領他們在訓練場看過士兵演練,虞歸晚就讓蒙灰自便,她就不相陪了,這也正和蒙灰的意,所以他和賈用一行才看得到南柏舍的這些奇景奇觀,午間更是在村市街隨便找了家館子進去吃飯。
天還燥熱,店家在室內放了冰塊,絲絲涼涼的很是舒服,再點上幾道招牌菜,如水盆羊肉、肚包肉、涼拌素絲等等這些都是這家店回頭客最多的菜肴。
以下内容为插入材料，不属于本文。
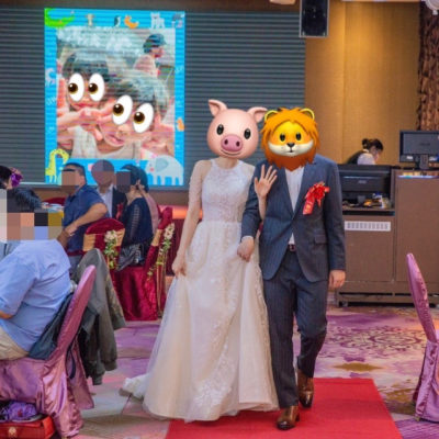 宴客現場,工作人員會先印一些我們的婚紗照,
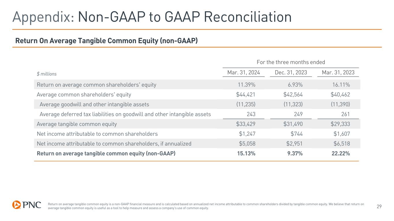 Appendix: Non-GAAP to GAAP Reconciliation 28 Tangible common equity ratio is a non-GAAP measure and is calculated based on tangible common shareholders’ equity divided by tangible assets. We believe this non-GAAP measure to be a key financial metric in assessing capital adequacy. For the three months ended $ millions Mar. 31, 2024 Dec. 31, 2023 Mar. 31, 2023 Tangible common shareholders’ equity Common shareholders’ equity $45,097 $44,864 $41,809 Goodwill and other intangible assets (11,225) (11,244) (11,378) Deferred tax liabilities on goodwill and other intangible assets 242 244 260 Tangible common shareholders' equity $34,114 $33,864 $30,691 Tangible assets Total assets $566,162 $561,580 $561,777 Goodwill and other intangible assets (11,225) (11,244) (11,378) Deferred tax liabilities on goodwill and other intangible assets 242 244 260 Tangible assets $555,179 $550,580 $550,659 Tangible common equity ratio (non-GAAP) 6.14% 6.15% 5.57% Tangible Common Equity Ratio (non-GAAP)
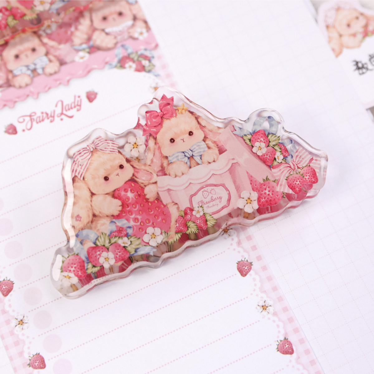 少女志原创兔兔草莓亚克力夹子手帐票据夹照片装饰可爱滴胶留言夹
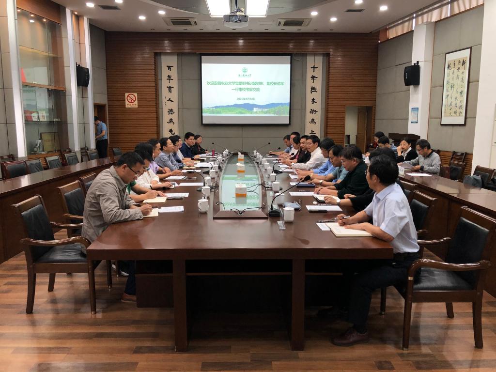 9月18日,安徽农业大学党委副书记裴树东、副校长韩军一行来校考察调研,双方就干部管理、学科建设、仪器设备管理等工作展开深入交流,校党委副书记冯尚申陪同调研。组织部、学工部、研工部、教务处、设备处、建管处等部门相关负责人参加交流活动。
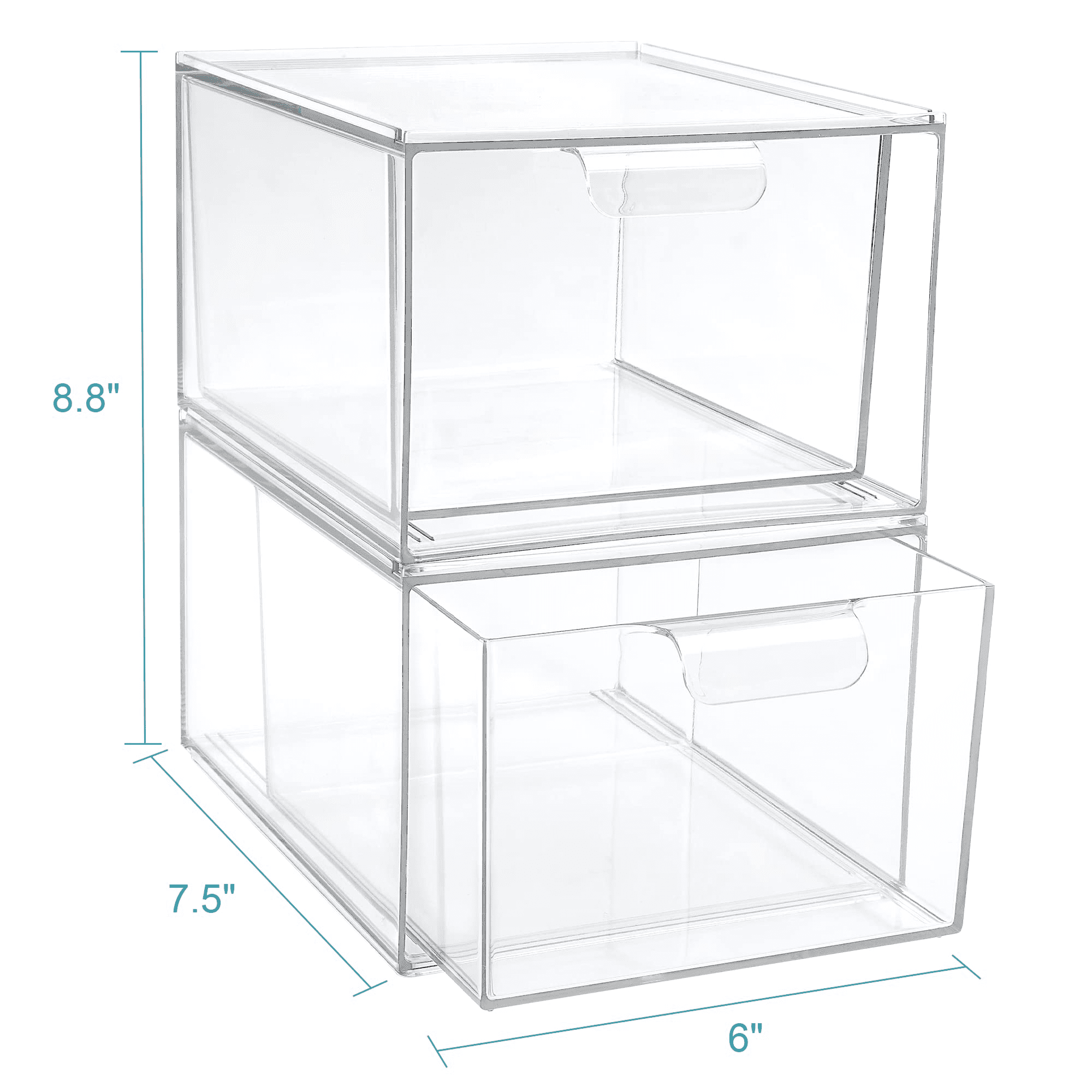 Keep Your Home Organized: Our acrylic organizer bins help you to organize your home with style. They are clear, which helps you to identify contents easily. Keep items contained, organized and dust-free and create a neat space in your bathrooms, laundry, bedrooms, offices, garages, toy rooms, craft rooms and playrooms, refrigerator, cupboards or pantry shelves.Handy Storage Drawers Set: The storage containers are designed with pull-out handles. It is convenient for you to store and take out items, providing you with easy organization and storage. Light weight and easy to transport, they are ideal storage helpers in apartments, condos, dorm rooms, RV's and campers.
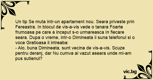 - Alo, buna Dimineata, sunt vecina de vis-a-vis. Scuze pentru deranj, dar Nu cumva ai vazut aseara unde mi-am pus sutienul?
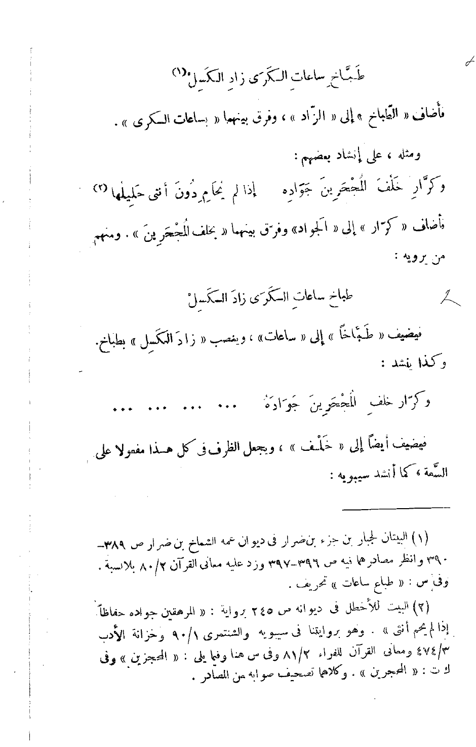 فيضيف طَبَّاخاً إلى ساعات، وينصب زادَ الكَسِل بطباخ. وكذا ينشد:

南柏舍養牛羊的人家多,村外經常能看到村童揮鞭子趕著大批牛羊去吃草,村里自然也不缺牛羊肉,往外販賣的活羊活牛也多,村市街的招牌菜也以此為主。
蒙灰跟店家要了一壺酒。
“客人想要什么酒?”店家堆著和氣生財的笑容介紹起來,“小店有高粱酒、燒酒、米酒和果酒,還有我們南柏舍特釀的麥酒,不是我吹,我們的麥酒最是獨一無二,冰過滋味更加,凡進小店喝過的就沒有不愛的,客人可要來點嘗嘗?”
“哦?”
蒙灰來了興致,他這人也好酒,天下好酒不說全品過,卻也嘗了十之八九,麥酒倒是第一次聽說,便讓店家先上一壺。
店家答應著,很快就讓伙計將麥酒端上來。
裝酒的卻不是尋常見的酒壺酒壇,而是一個人臉這么大的竹節杯,表面磨得光溜水滑,里頭盛著冰鎮過的麥酒,顏色橙黃,有一圈白色的泡泡,聞著有些酒味,卻不濃。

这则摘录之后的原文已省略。